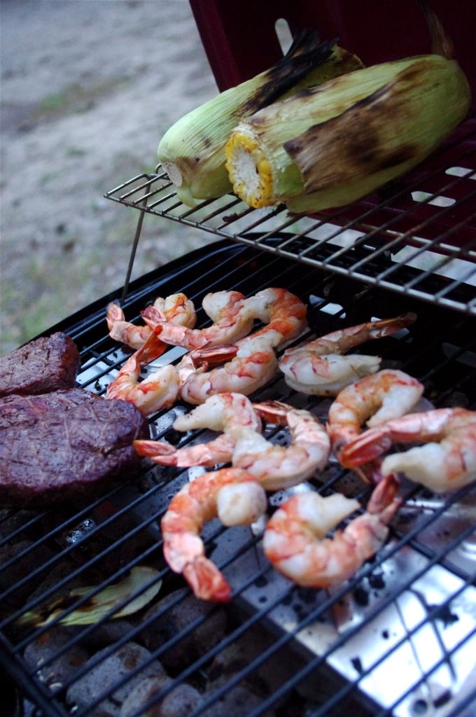 The first night in Radium we decided to BBQ. Justin brought our handy dandy little mini grill. We fired it up and made a wonderful dinner of grilled prawns (for me), steak (for Justin… although I do eat meat I am not a big beef eater, and I consider myself a flexitarian), grilled corn-on-the-cob, and a garden salad!
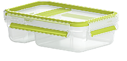 Die Brunchbox Clip & Go von EMSA ist rechteckig und fasst 1,2 l. Sie hat einen Gittereinsatz für zwei Ebenen sowie einen extra Einsatz für Snacks wie beispielsweise Gemüsesticks. Die Dose ist 100% dicht und kann selbst flüssige Lebensmittel transportieren. Das eingespritzte Gummi besteht aus thermoplastischen Elastomeren und der Deckel mit grünem Rand, sowie das transparente Unterteil bestehen aus Kunststoff. Die Maße der Brunchbox beträgt 22,5x 16,3x 5,8 cm.
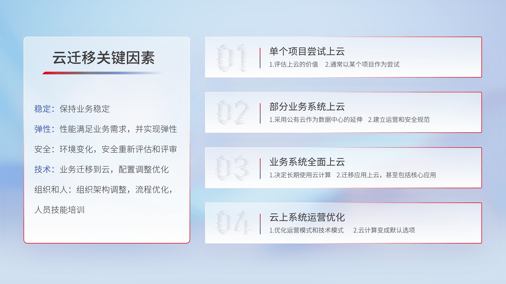 结合实际业务,,,,从规划设计、、、、云平台选型、、、、云原生改造、、、数据迁移、、集成交付,,迁移全过程为客户识别最佳上云路径,,,,做好风险识别管理,,,设计网络架构、、、身份权限、、、、安全审计合规、、操作审计、、、、日志审计、、、监控告警策略、、、、多站点容灾设计等,,,对云上基础设施进行整体规划,,提升IT治理水平,,,以满足弹性、、、高可用、、、高性能的需求。。
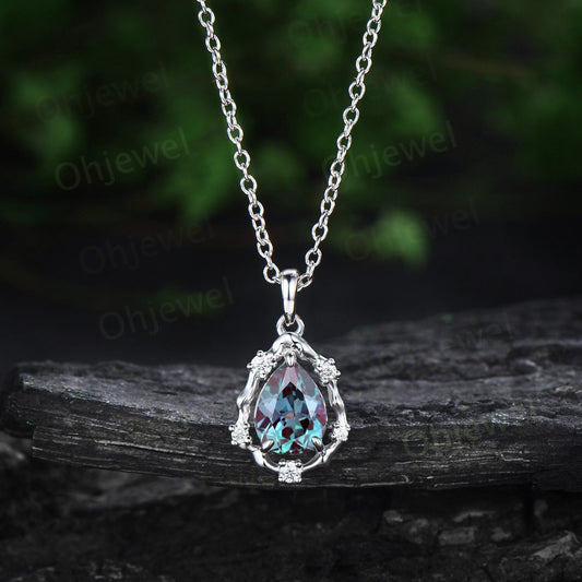 Pear cut Alexandrite necklace vintage 14k white gold halo leaf vine branch art deco diamond June birthstone Pendant women anniversary gift
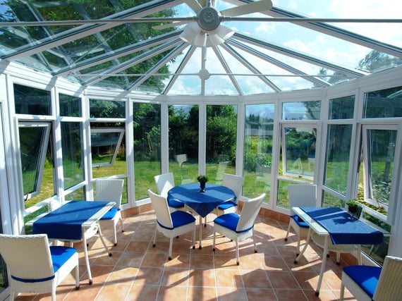 ご自宅を一部改装され、英国製コンサバトリーが“ワインカフェ”となっています。
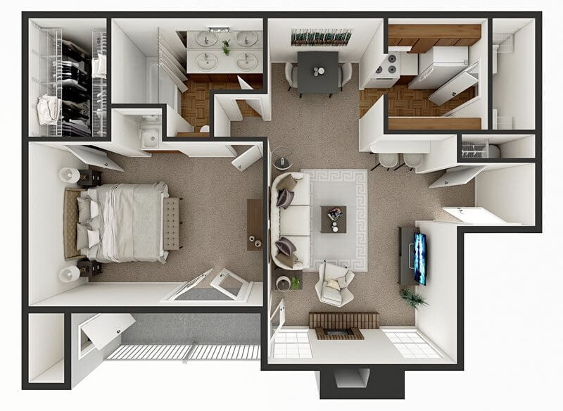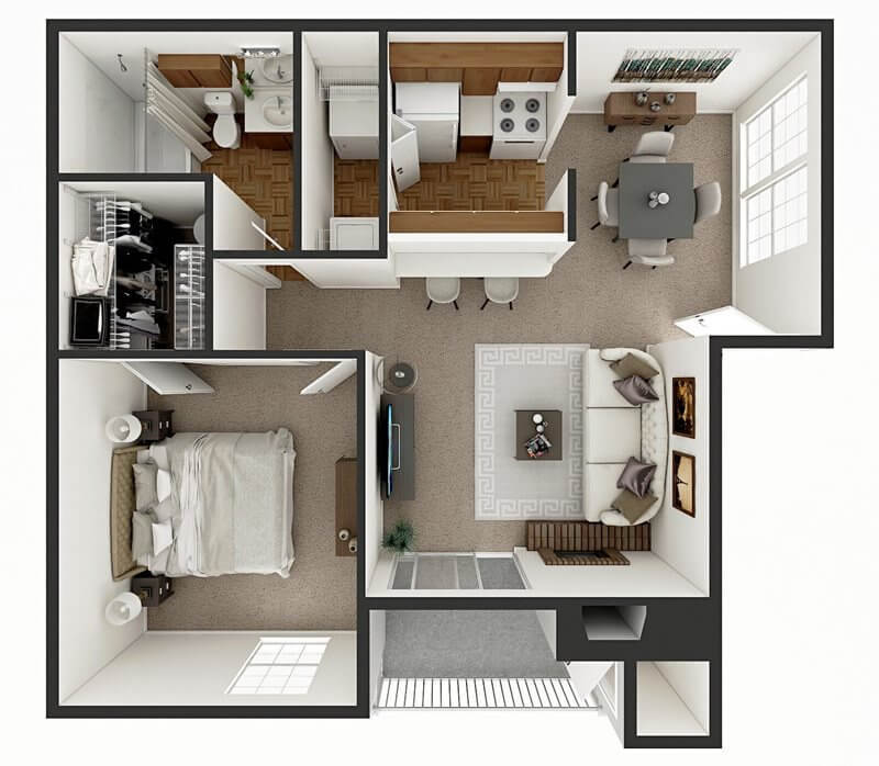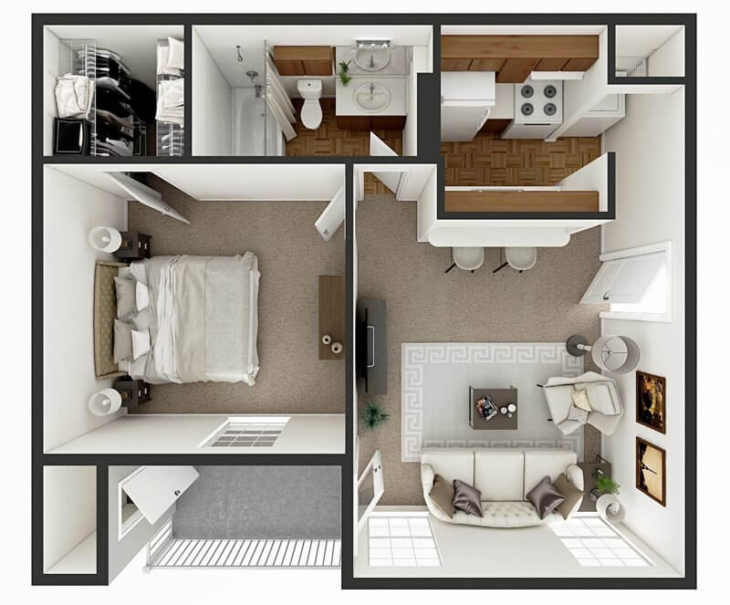 - 1 Bedroom- Jefferson1 Bed, 1 Bath, 510 sq ft- Model Gallery- Floorplans- Availability Details- Availability Date - Unit - Sq Ft - Call for Availability - Jefferson - 510 sq ft - Model Amenities and Features- Features- Air Conditioning
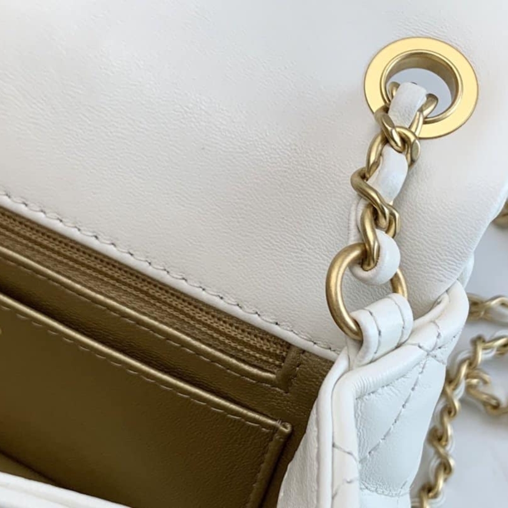 Chanel Quilted Mini CC Pearl Crush Rectangular Flap White
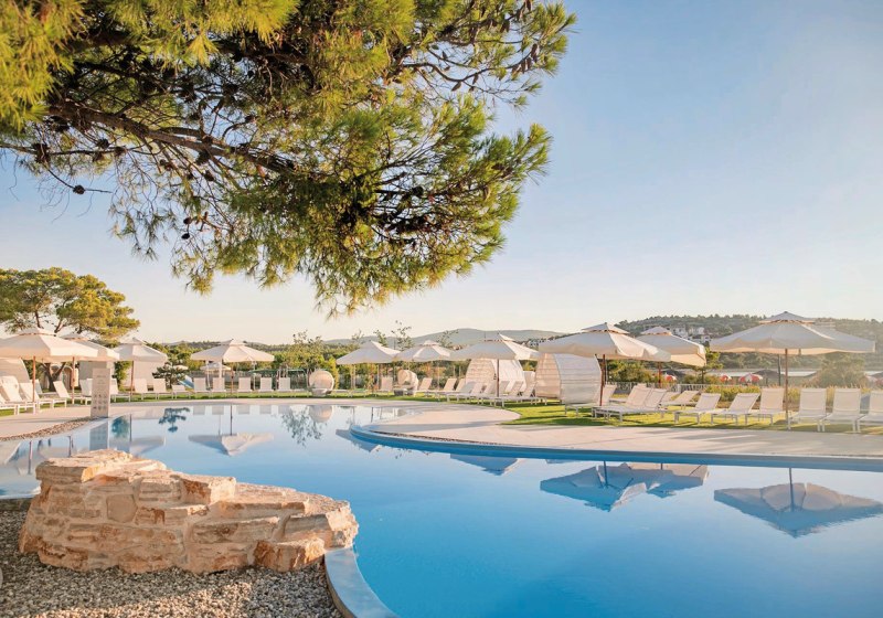 Die Atmosphäre wirkt unkompliziert und klar strukturiert: kurze Distanzen, viele Optionen, alles auf gemeinsame Zeit ausgelegt. Am Pool wartet die Sonnenterrasse mit Liegen und Schirmen, am Strand beginnt der Tag barfuß. Kulinarisch wechselt Ihr zwischen Hauptrestaurant, À-la-carte-Adressen, Patisserie und dem dalmatinischen Dorf als eigenem Genussbereich. Haustiere sind nicht erlaubt, Babybetten sind auf Anfrage verfügbar.
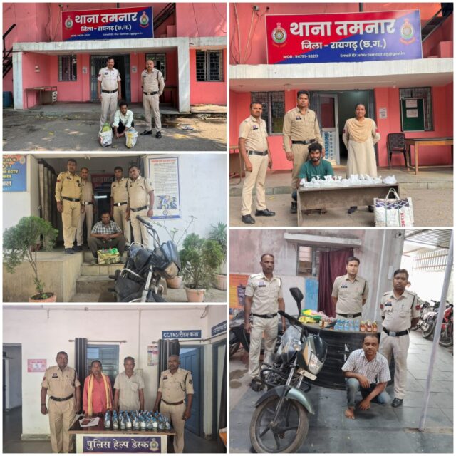 🚨 तमनार, छाल, पुसौर और जूटमिल पुलिस की अलग- अलग कार्रवाई में 70 लीटर देशी प्लेन/अंग्रेजी और महुआ शराब और 3 दुपहिया वाहन जब्त
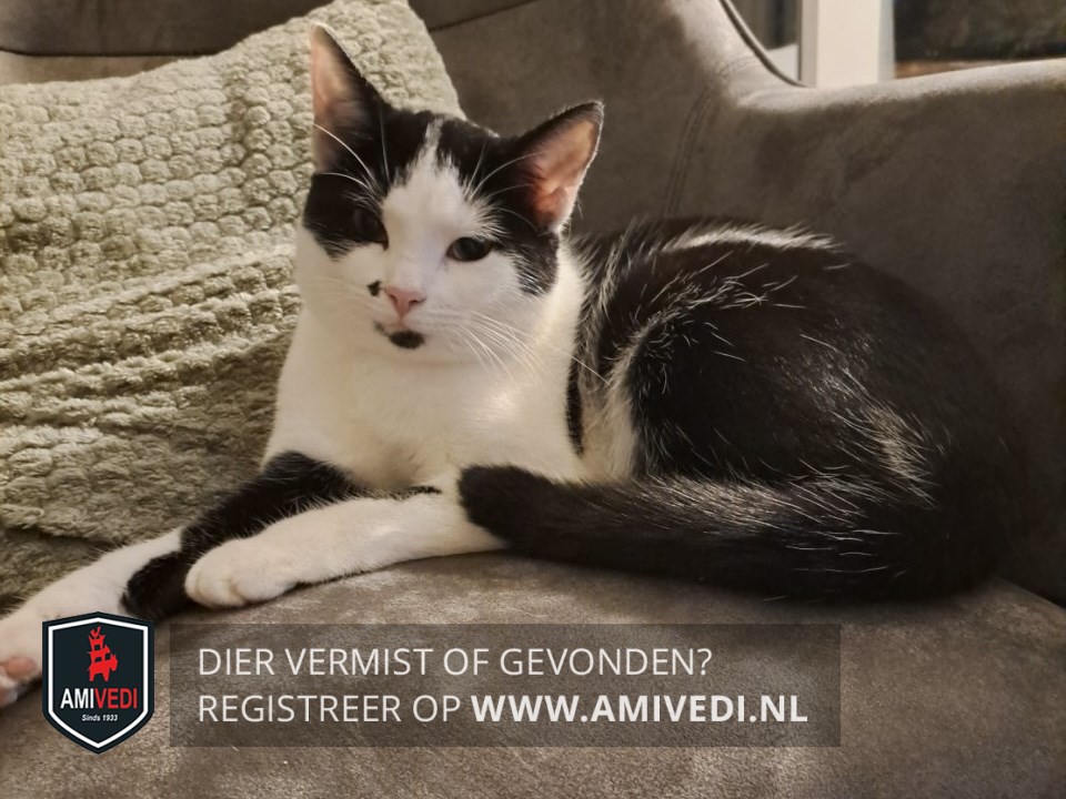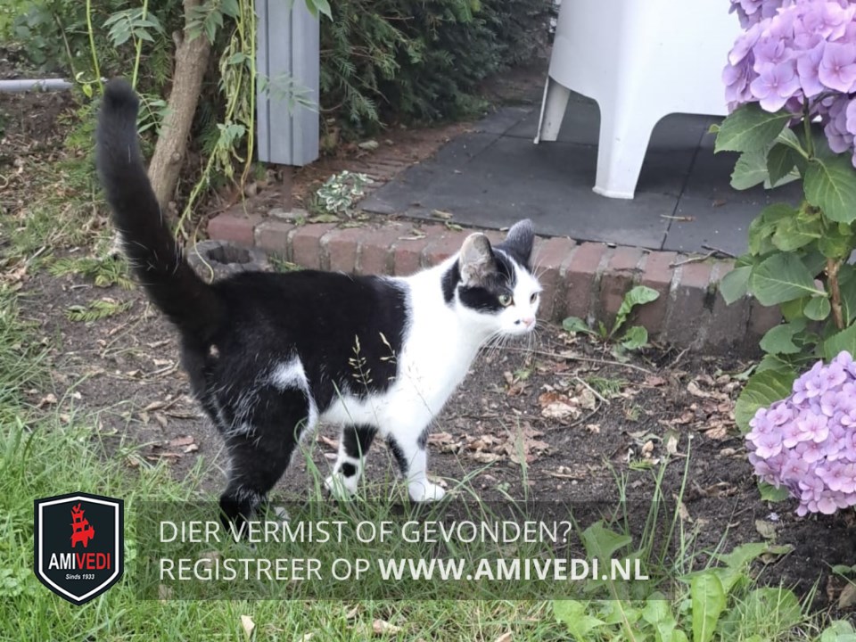 | Signalement | Miep is zwart met wit. Bovenlijf heeft veel wit, haar achterlijf juist veel zwart. Ze heeft rondom de oren zwart en rechts naast de neus een zwart vlekje en links op de kin ook een zwarte vlek. |
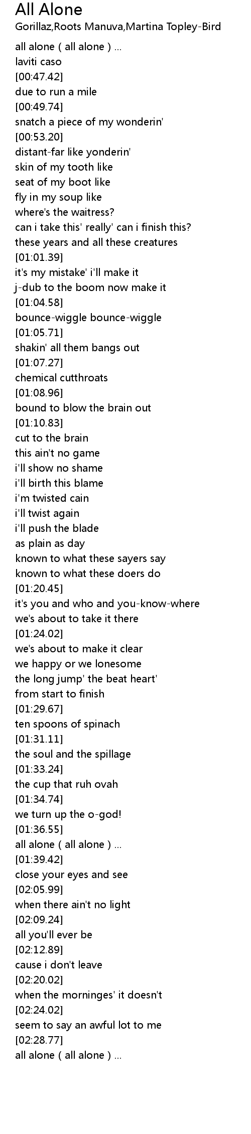 | [02:56.08] | all alone all alone... |
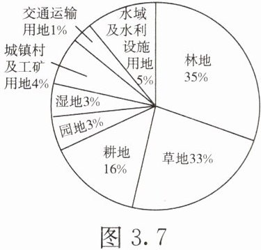 对于土地和耕地,我们应该认识到“中国人的饭碗任何时候都要牢牢端在自己手中”“保护耕地要像保护文物那样来做,甚至要像保护大熊猫那样来做”。读中国可利用的土地资源类型统计图(图 $3.7$),完成 $5\sim6$ 题。
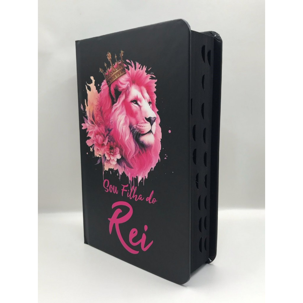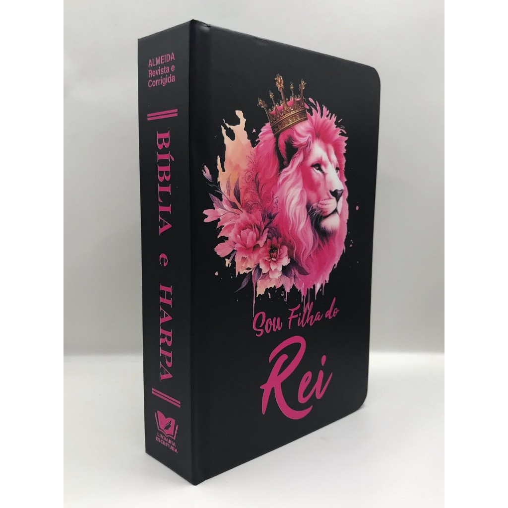 Bíblia Sagrada Tamanho Médio 12,5x19 cm Com Harpa palavras de Jesus em vermelho Leão Sou Filha do Rei
● ● ●
# YOUR ASSIGNMENT:
Would you retype the lines from the line containing "all alone... |" to the final line of the entries above, exactly as given and without pictures?

# RESPONSE:
 | [02:56.08] | all alone all alone... |
 对于土地和耕地,我们应该认识到“中国人的饭碗任何时候都要牢牢端在自己手中”“保护耕地要像保护文物那样来做,甚至要像保护大熊猫那样来做”。读中国可利用的土地资源类型统计图(图 $3.7$),完成 $5\sim6$ 题。
 Bíblia Sagrada Tamanho Médio 12,5x19 cm Com Harpa palavras de Jesus em vermelho Leão Sou Filha do Rei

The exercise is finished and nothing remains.